( Courtesy G&R Farms )

Peru plays more than just a supporting role in the U.S. sweet onion market, growers and shippers say.

Some point out that Peru’s season lasts longer than that of any other region.

“It’s a very critical role because it’s the only flat sweet onion available after Vidalia,” said Delbert Bland, president of Glennville, Ga.-based Vidalia grower-shipper Bland Farms LLC

The “flat” point is key, Bland noted.

“All the Midwestern sweet onions are more a globe-type; people prefer the Peru onion over the domestic,” he said. “The Peru is most like a Vidalia as you can get. We do all our growing there.” 

Mike Blume, sales and marketing director for Greencastle, Pa.-based Keystone Fruit Marketing Co., agreed.

“There’s sweet onions grown in the United States on the West Coast, but a lot of retailers and consumers prefer the flat sweet onions out of Peru,” he said. “And being a six- to seven-month season, 50 percent of the time, the onions are coming out of Peru.”
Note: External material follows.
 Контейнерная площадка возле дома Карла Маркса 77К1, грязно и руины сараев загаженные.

Peru’s onion deal plays a particularly important role on the U.S. East Coast, said John Williams, sales director with Lyons, Ga.-based Vidalia onion grower-shipper L.G. Herndon Jr. Farms Inc.

“That’s the time of year any time a sweet onion is coming out of the West Coast -- Nevada or California, but on the East Coast, it’s hard to compete with the Peru onions,” Williams said. 
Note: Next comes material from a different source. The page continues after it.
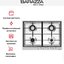 Сзади на варочной панели располагаются две конфорки «Шеф» с двумя рядами пламени, направленного к центру: дно посуды нагревается быстро и равномерно. Спереди находятся стандартная и вспомогательная конфорки. Для предотвращения утечки газа все конфорки оснащены системой «газ-контроль». Варочная панель может подключаться к газу в баллонах: форсунки входят в комплект.

Peru’s deal generally lasts six to seven months – from late August to, sometimes, early March, so it has become a major participant in the U.S. sweet onion market, Williams said.

“It used to be Chilean sweet onions would come in February and March, but there’s no more Chilean sweet onions coming into the U.S., as far as I can see,” he said. “It’s just changed only in the last seven or eight years.”

A sustainable supply is a major asset for Peru, said Mark Breimeister, sales director with Idaho Falls, Idaho-based Potandon Produce, which sells Peruvian sweets under the Green Giant label.

Peru’s arid growing conditions have created an ideal situation for such growth, Williams said.

“They just realized they have consistent weather for that long a period,” he said. “Most come out of the Ica region and then Arequipa, further south. Then they plant some late varieties that also enable them to go longer.” 

Bland noted that his company’s sweet onion production on 2,000 acres in Peru approaches its volume in Georgia. 

“The volume is not quite as much as Vidalia, but it’s pretty close. Usually, we have 2 million 40-pound equivalent boxes of Vidalias, compared to 1.8 million out of Peru,” he said.

As the Vidalia season ends, Peru provides a smooth transition, said Walt Dasher, co-owner of Glennville-based Vidalia grower-shipper G&R Farms.

The Peruvian deal also provides an economic boost for everyone involved, Dasher said.

“(It) gives us Vidalia producers more ways to help manage our overhead expense and invest back into our facilities and equipment, which has become so expensive in the past five years and was very hard to justify making expensive upgrades when you could only use for Vidalia season alone, but having the import program, we can expense the equipment out better and secure a better workforce of employees knowing they/we will have work 12 months out of the year,” Dasher said.